In his speech to the World Social Forum in January 2005, Chavez spelt out his vision of a socialist future for Venezuela and the world. “It is impossible, within the framework of the capitalist system to solve the grave problems of poverty of the majority of the world’s population. We must transcend capitalism. But we cannot resort to state capitalism, which would be the same perversion of the Soviet Union. We must reclaim socialism as a thesis, a project and a path, but a new type of socialism, a humanist one, which puts humans and not machines or the state ahead of everything.” Again in May he returned to this theme in a mass rally in Vienna, Austria: “The choice before humanity is socialism or barbarism. When Rosa Luxemburg made this statement, she was speaking of a relatively distant future. But now the situation of the world is so bad that the threat to the human race is not in the future, but now.”

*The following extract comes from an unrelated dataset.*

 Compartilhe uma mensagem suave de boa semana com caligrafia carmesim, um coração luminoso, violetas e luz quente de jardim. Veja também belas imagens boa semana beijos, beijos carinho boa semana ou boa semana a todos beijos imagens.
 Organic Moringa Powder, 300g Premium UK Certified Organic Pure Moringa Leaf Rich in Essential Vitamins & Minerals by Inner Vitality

He went on: “When I was a kid of 15 we had May 1968, the Beatles, John Lennon and the war in Vietnam. We looked to the future and we thought that by the year 2000, the world would be a different place, a better place. But the years have passed and instead of improving things have got much worse. What has happened? They have stolen my future. Imperialism and capitalism have stolen my future. And now that I am in my fifties, I am convinced that people of my generation must spend every day, every hour, every minute of our lives fighting for a better world – a world free from poverty, inequality and injustice. That world is called socialism! I believe that only the youth have the necessary enthusiasm, the passion, the fire, to make the revolution. Let us unite to save the world. Together we can succeed!” He concluded: “The only road, and I repeat one thousand times, is socialism. We need a revolutionary strategy and a revolutionary project must be international. Long live socialism, long live the world revolution.”

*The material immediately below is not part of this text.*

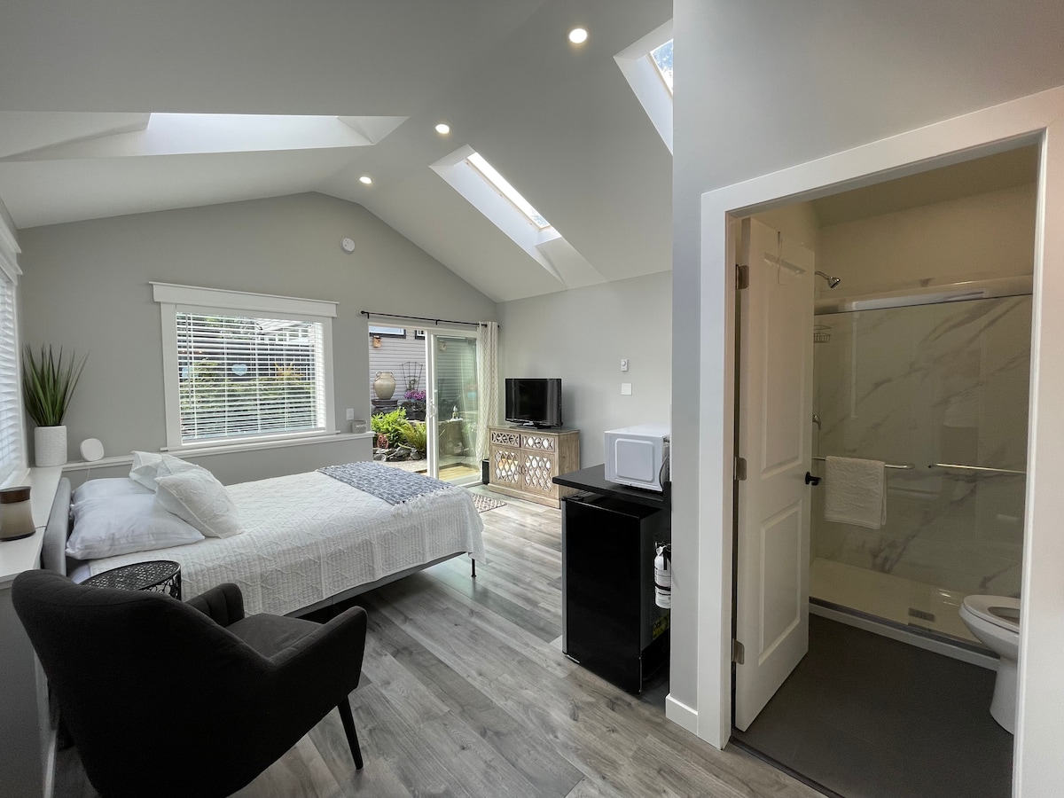 Licencirani čisti udoban mikro studio + privatno kupatilo i ulaz - jednostavna samostalna prijava, besplatan parking, krevet u punoj veličini (54" x 75", odgovara solo ili tankom duetu), u blizini centra grada, VIU, škola, bolnica, sportske arene, trajekti, 4 autobuske linije u blizini, zagrljeni prelepim parkovima i stazama, lep pogled na planine. vožnja 5 minuta ili šetnja 20 minuta do centra grada/rive/VIU, vožnja 10 minuta do zaliva Departure. Savet: rezervišite više noćenja da biste uštedeli na čišćenju jer se naplaćuje jednom po rezervaciji.
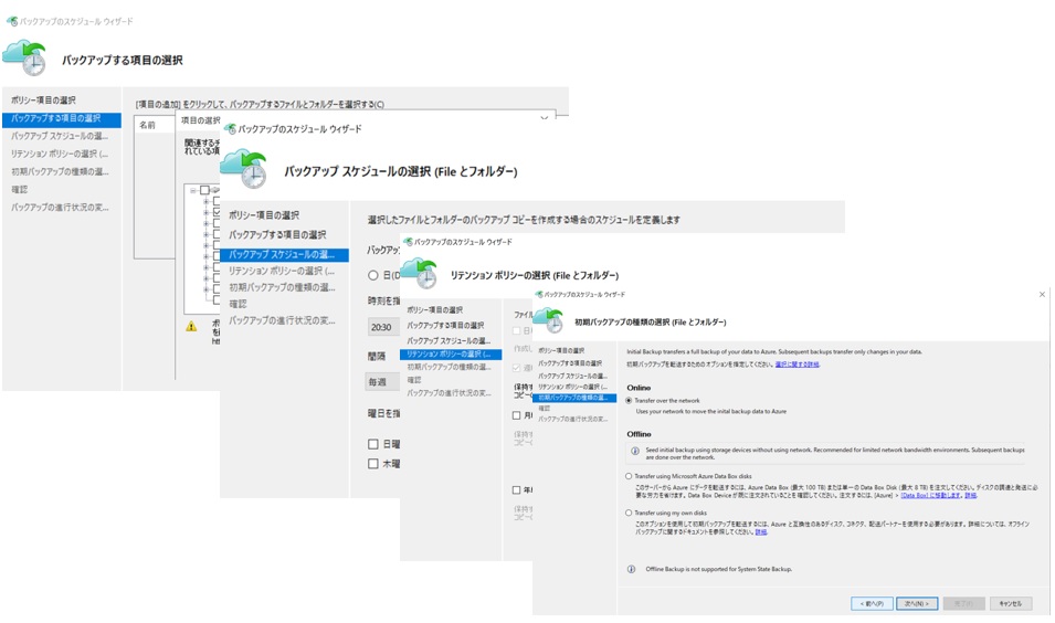 Azure Backupの設定を行います。以下のように設定しました。

(If you have come this far, you will know why imperialism wanted to destroy the Bolivarian Revolution. The death of Chavez in 2013 and the election of Nicolas Maduro as president coincided with a collapse in oil prices, a brutal economic war on the nation of Venezuela, provoking an economic collapse in Venezuela and millions leaving the country. This post-Chávez period is best described in a recent article called “Oil wealth, class power, and imperialist siege in Venezuela” by Gary Wilson. The empire is seeking to destroy Venezuela as an independent nation. Their problem is that the army, the plebeian masses, the government, and all state institutions are united in opposition and will not surrender easily. They will be forced to make some compromise because imperialism remains a beast that needs to be placated at times but they won’t compromise the dignity of the nation.)